Why: so people know what the hell you offer.
How: clearly list out everything that’s included with all of your offerings, including each service’s respective pricing (or starting at rate, which is my preferred method).
Because Celeste only has one offering, her what’s included section was extremely simple.
This section fits seamlessly after the what you’ll gain because her readers already know why working with her would be so great for them, so it’s the perfect time to explain what exactly is included with her consulting services.
In terms of formatting, bullet points are best for this section. You can also opt to add a little blurb about your service(s) if you feel like you need to add more context about who it’s for, or what it is specifically, etc. (Here’s an example of how I did it on my Services page.)
Side note: if you only have one offering, like Celeste, it’s a good idea to add a little more context about each item on your what’s included list.
What: an overview of your process.
Why: so your potential clients can get a feel for how you work, and what they can expect in working with you.
How: clearly and concisely explain the details of what your client process is like.
For Celeste, the getting started process is what her clients have the most questions about, so that’s what I chose to highlight, via a 3-part series that kicks off with the first step, and allows the reader to keep learning more via the ‘next’ button in the bottom right corner.
I recommend considering what your ideal clients may have questions about, and include details about that element of your process on your Services page.
Want to see more examples of how you can lay out your process on your Services page? I wrote a whole blog post about it.
What: a testimonial or review from a past client showcasing how great you are.
Why: to convince your readers to inquire about working with you.
How: use your most glowing review and highlight the important or extra-nice parts.
When it comes to selecting a testimonial for your Services page, I’d go with the one that you think would really ~speak to~ the people who may be on the fence about inquiring.
If people are certain they want to work with you, they’ll glaze over your site, read the what’s included, maybe skim the About, and then inquire.
But if they’re on the fence, they’re much more likely to read everything—especially the details you choose to add to your Services page, which is why including a review with a ‘I almost didn’t, but I’m SO glad I did’ vibe is your best bet.
& speaking of testimonials—if you don’t yet know how to ask your clients for great ones, swipe my feedback form! You can download it for free, make a copy, and start sending feedback requests to your past clients ASAP rocky.
What: a section that explains to the reader whether or not they’re a good fit for you.
Why: to weed out the red flag clients, the wishy-washy inquirers, and anyone else who you don’t want to attract.
How: make a list (or a chart, or a table) of the reasons you are (or are not) the best fit, OR list the types of people you serve.
For Celeste, we chose the latter, but I choose the former for other clients all the time. (You’ll find an example right here if you scroll down to ‘we’re the perfect fit if…’)
I love the listing-out-people strategy (when it’s appropriate) because it really allows the client to see themselves in the copy. And, in Celeste’s case, that was literally the direction we gave.

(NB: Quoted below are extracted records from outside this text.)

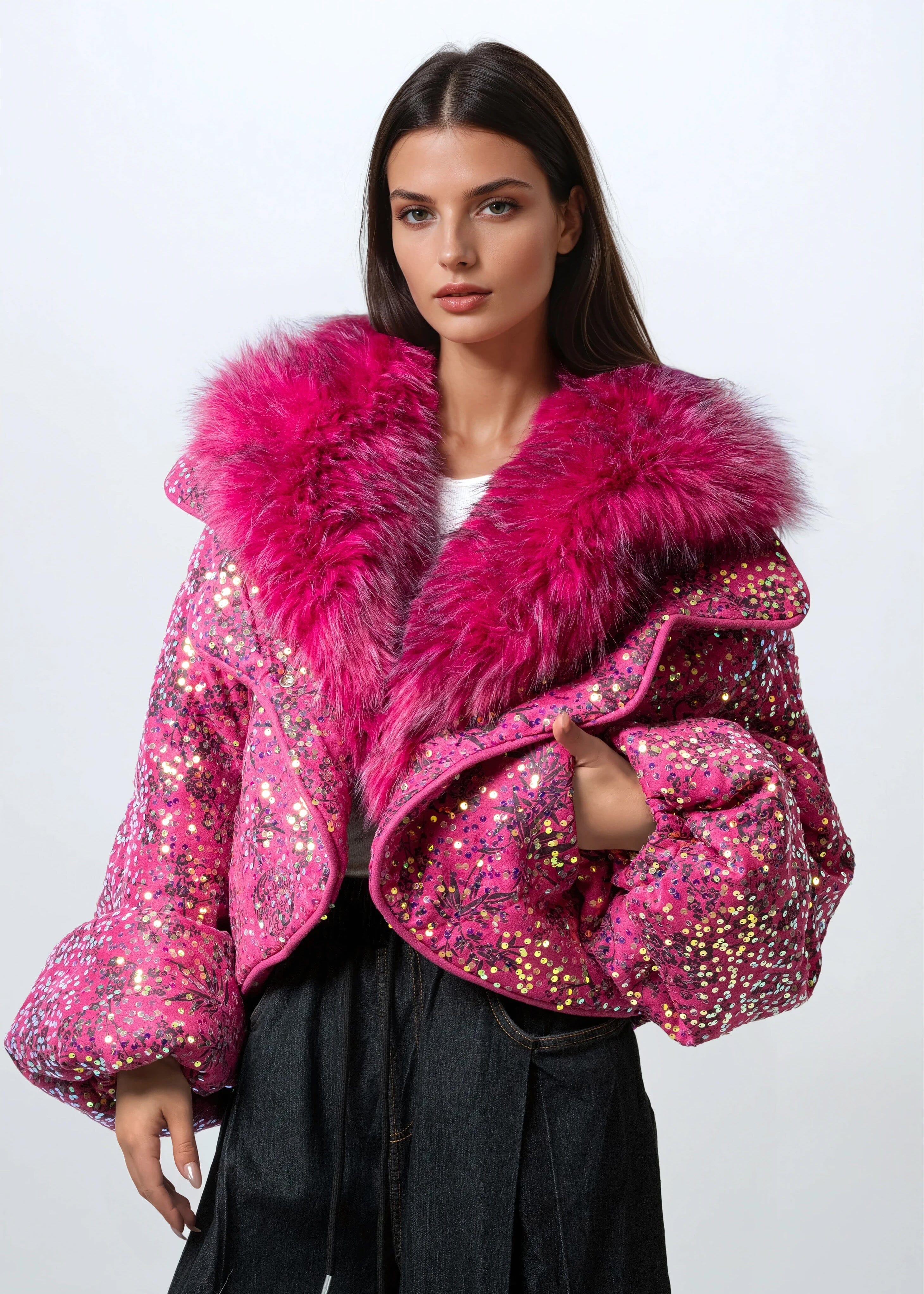 - Cropped, voluminous silhouette that commands attention
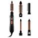 Horkovzdušná kulma, 2 stupně nastavení teploty, tlačítko studeného vzduchu, keratin funkce, funkce ionizace s antistatickým účinkem, 5 výměnných nástavců, závěsné očko, bezpečnostní pojistka proti …
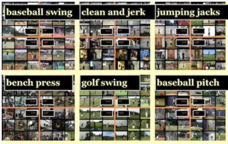 Penn Action Dataset(宾夕法尼亚大学)包含 15 个不同动作的 2326 个视频序列以及每个序列的人类联合注释。
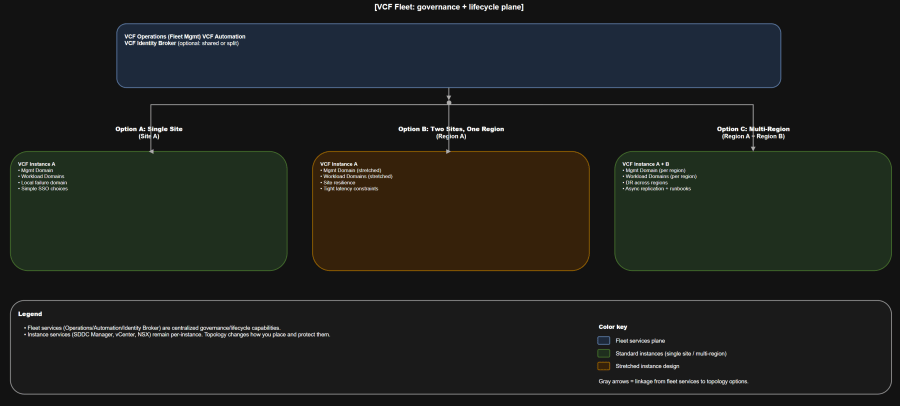 VCF 9.0 becomes dramatically easier to operate when you explicitly separate topology decisions (site, region, instance placement) from governance decisions (fleet services) and then choose identity boundaries that match your isolation and resilience goals. Once you standardize these mental models, your teams can scale the platform without scaling confusion.

(Again, straight shooter.)
This is one of my most favorite segments of her entire site, because I got to be a little cheeky with my examples—I mean, who else would let me reference knowing how to work a boardroom but not a bedroom?! Absolutely iconic, that woman.

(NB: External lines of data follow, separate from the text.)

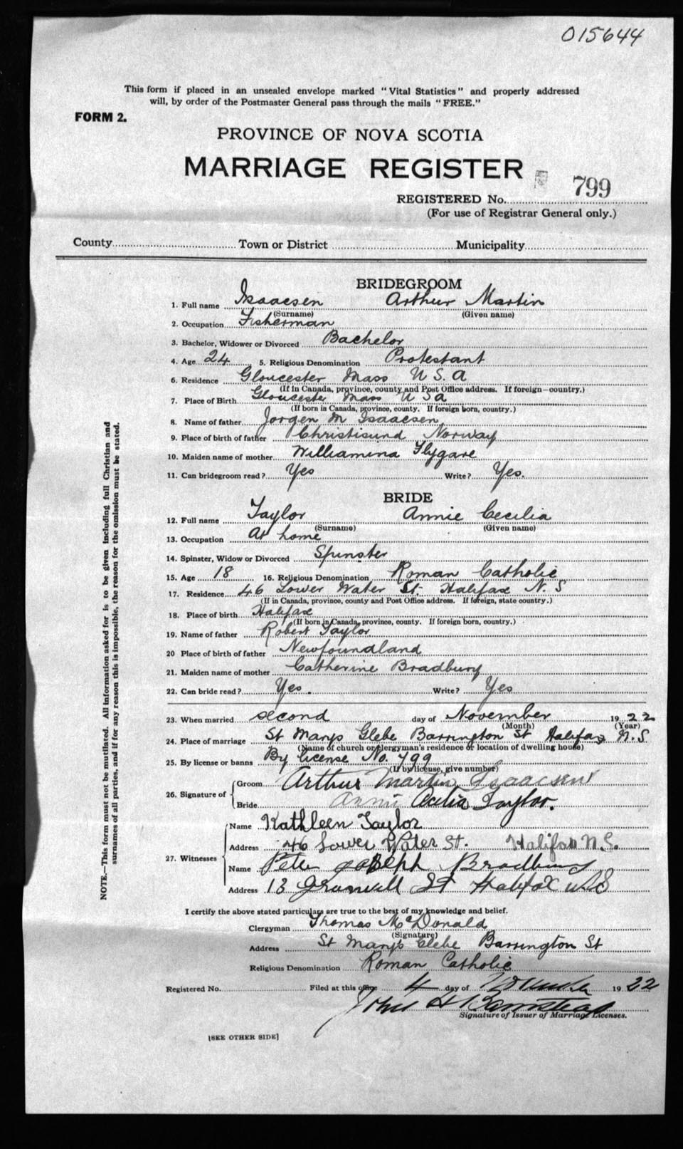 Registration: Year: 1922 number: 15644
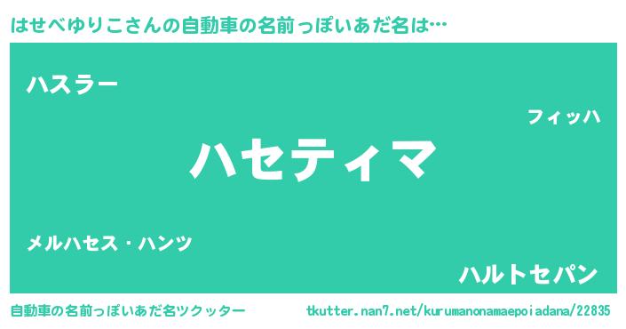 はせべゆりこさんの自動車の名前っぽいあだ名をツクッター!
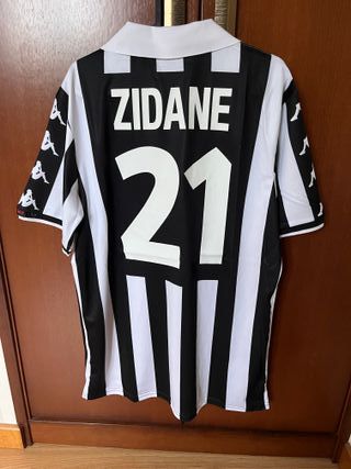 Talla pequeño, equivale a una L Camiseta de fútbol de la Juventus con el dorsal y nombre de Zidane. - Diseño a rayas blancas y negras. - Logo de Kappa en las mangas. - Cuello tipo polo.

What: a call to action to inquire about working with you.
Why: so you get clients and money. 🙂
How: sum up the main benefit of working with you, and follow it up with a direct next step.
This is the perfect place to insert your reader’s true want—aka that thing deep down way beyond what they surface level want—and Celeste’s ideal client wants his sexy back a la Timberlake, so that’s exactly what we referenced.
Then, we ended off the page with an extremely clear next step, to eliminate any possible confusion about what to do now that they’ve reached the end of the Services page: book your consultation (with the button mapping to her Contact page).
& that’s it—your minimal Services page is complete!